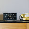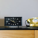 The black retro mid-Century atomic dial is housed in a matt black rectangular case mounted on widely-spaced plinth feet
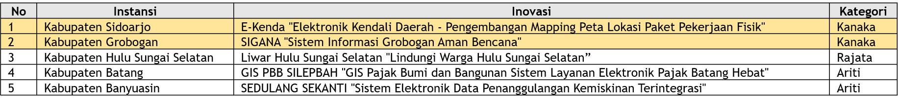 • Kategori Pemerintah Kabupaten
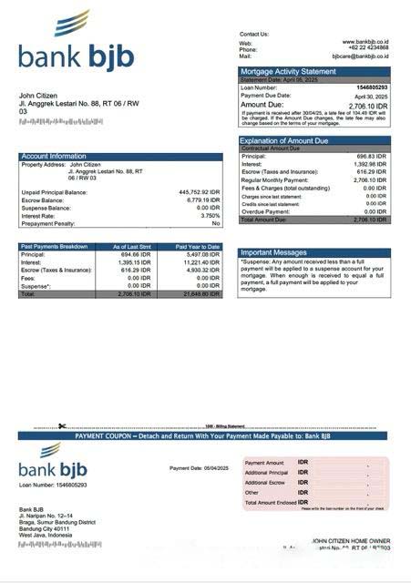 Indonesia Bank BJB mortgage statement Word and PDF template download template file
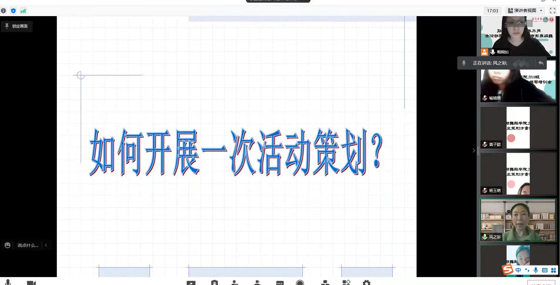 2022年3月30日晚7:30,为保障学生疫情期间的实习效果,做到停课不停学,增强学生的就业竞争力。武术与舞蹈学院召开了舞蹈表演专业2018级活动策划方案撰写培训会,本次会议由2018级辅导员丁战锴主持,杨浏老师主讲。
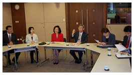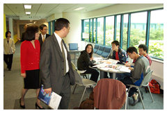Accompanied by Education and Manpower Bureau officials Mrs Cherry Tse (Deputy Secretary for Tertiary Education and Quality Education), Mr Clement Leung (Principal Assistant Secretary for Higher Education Division) and Mrs Avia Lai (Secretary of Education Commission), Dr Rosanna Wong was greeted by President H K Chang, Professor Edmond Ko (Vice-President for Education), Professor P S Chung (Vice-President for Research), Professor Y S Wong (Vice-President for Institutional Advancement), Mrs Peggy Wong (Executive Assistant to the President) and Ms Pauline Chan (Assistant to the President--Community Relations).Professor Chang introduced the guests to CityU's vision, strategic planning, academic structure, staff and student achievements, and curriculum requirements. "CityU is dedicated to excellence in teaching and research," said Professor Chang. "We aim to anchor our undergraduate programmes in technological training and at the same time nourish our students in a rich cultural and humanities ambiance. On the other hand, we also endeavour to make our graduate studies and research work contribute to the region's economic development."
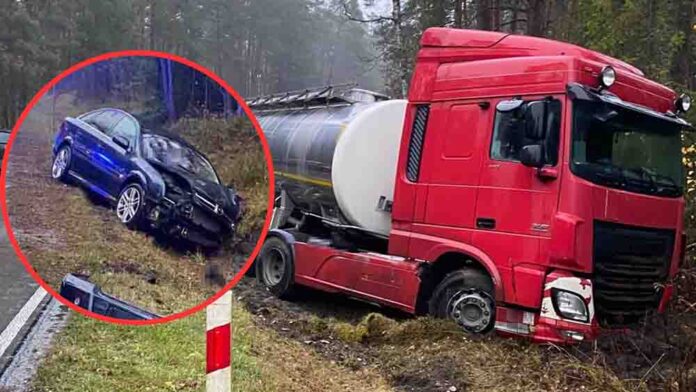 Nieprawidłowe wymijanie osobówki z pojazdem ciężarowym było przyczyną wczorajszego zderzenia w miejscowości Kozaki. Opel uderzył w ciężarówkę i oba wypadły na pobocze.
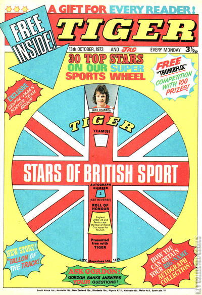 Home / IPC Magazines / Tiger / Tiger #13 October 1973 990 IPC Magazines Released October 1973 Tiger #13 October 1973 990 Add to Collection Want It Synopsis No synopsis available. Add to Collection Buy it on eBay Buy on eBay Low $2 Mid $10 High $30 Synopsis No synopsis available. Details Series Tiger Cover Date October 1973 Pages N/A UPC N/A Cover Price N/A Final Orders Cutoff N/A Creators No creators listed. Price Guide Log in or subscribe to access detailed graded price information and market insights. Log In Subscribe
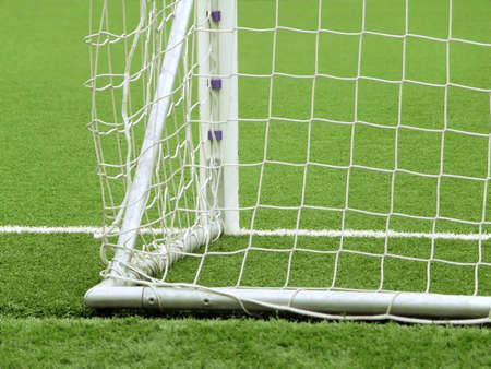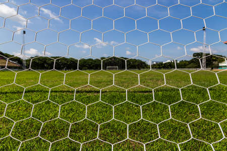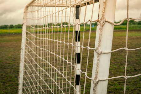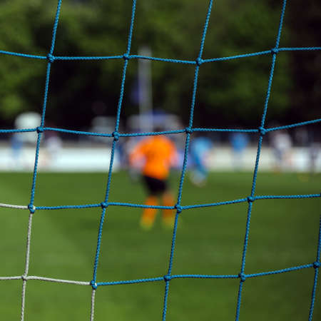 Soccer or football net background, view from beside the goal with blurred field pitch.

WORK TO BE COMPLETED
Write out exactly the opening lines of the data, stopping after the line that holds "2022年3月30日晚7:3". Exclude pictures.

EXERCISE ANSWER
 The black retro mid-Century atomic dial is housed in a matt black rectangular case mounted on widely-spaced plinth feet
 • Kategori Pemerintah Kabupaten
 Indonesia Bank BJB mortgage statement Word and PDF template download template file
 2022年3月30日晚7:30,为保障学生疫情期间的实习效果,做到停课不停学,增强学生的就业竞争力。武术与舞蹈学院召开了舞蹈表演专业2018级活动策划方案撰写培训会,本次会议由2018级辅导员丁战锴主持,杨浏老师主讲。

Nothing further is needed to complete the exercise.